The SPX advanced 3.90 points yesterday to close at 1364.30. TOT daily traders went 400% long at SPX 1364 and have carried the position overnight and into today.
The bond model remains neutral, and the gold model remains bearish.
The super long term perspective for the stock market remains bearish.
However, both the long and short term models remain bullish.
Yesterday’s action was poor. The market had numerous opportunities to rally, and it failed at each attempt. It’s probable that a day or two of softness will be needed prior to further upside gains.

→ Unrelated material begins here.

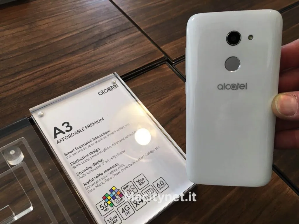 Il secondo smartphone Alcatel presente in fiera è A3, uno smartphone pensato per i giovani, ad un prezzo competitivo. Alcatel A3 propone un profilo sottile, caratterizzato da rifiniture glossy con effetto 3D e una cornice in metallo, con un tasto di accensione rifinito con un pattern zigrinato. A3 è dotato di un sensore per il riconoscimento delle impronte digitali, e per una maggiore sicurezza offre la funzione Private Mode, che protegge i dati più sensibili. Oltre a sbloccare il telefono con sfruttando il Touch ID, è possibile anche utilizzare le impronte delle cinque dita affinché ciascuna lanci le cinque app preferite dall’utente, anche quando il telefono è bloccato.

The daily model is neutral today, reflecting a balance between bullish and bearish forces. Separate from the model’s actual reading, my sense is that unless Chairman Greenspan says something clearly bullish, the market will likely move lower today. TOT daily traders went 400% long yesterday at SPX 1364. We’re just a tad above that level, but I’d use a sell stop at that same level, thereby exiting at the first sign of weakness. In the unlikely event that we’re not stopped out, take your profit on any rally to SPX 1372, which seems like the most the market might be able to muster today. In the even more unlikely event that neither level is reached, carry your position overnight and into tomorrow. I expect to see the SPX attack the 1400 level in the near future — just not this week.
Since initiation of this service on September 30, 1993, our daily trader recommendations have gained 6376.56 cumulative SPX points, compared to a gain of 905.37 points in the index itself over the same period.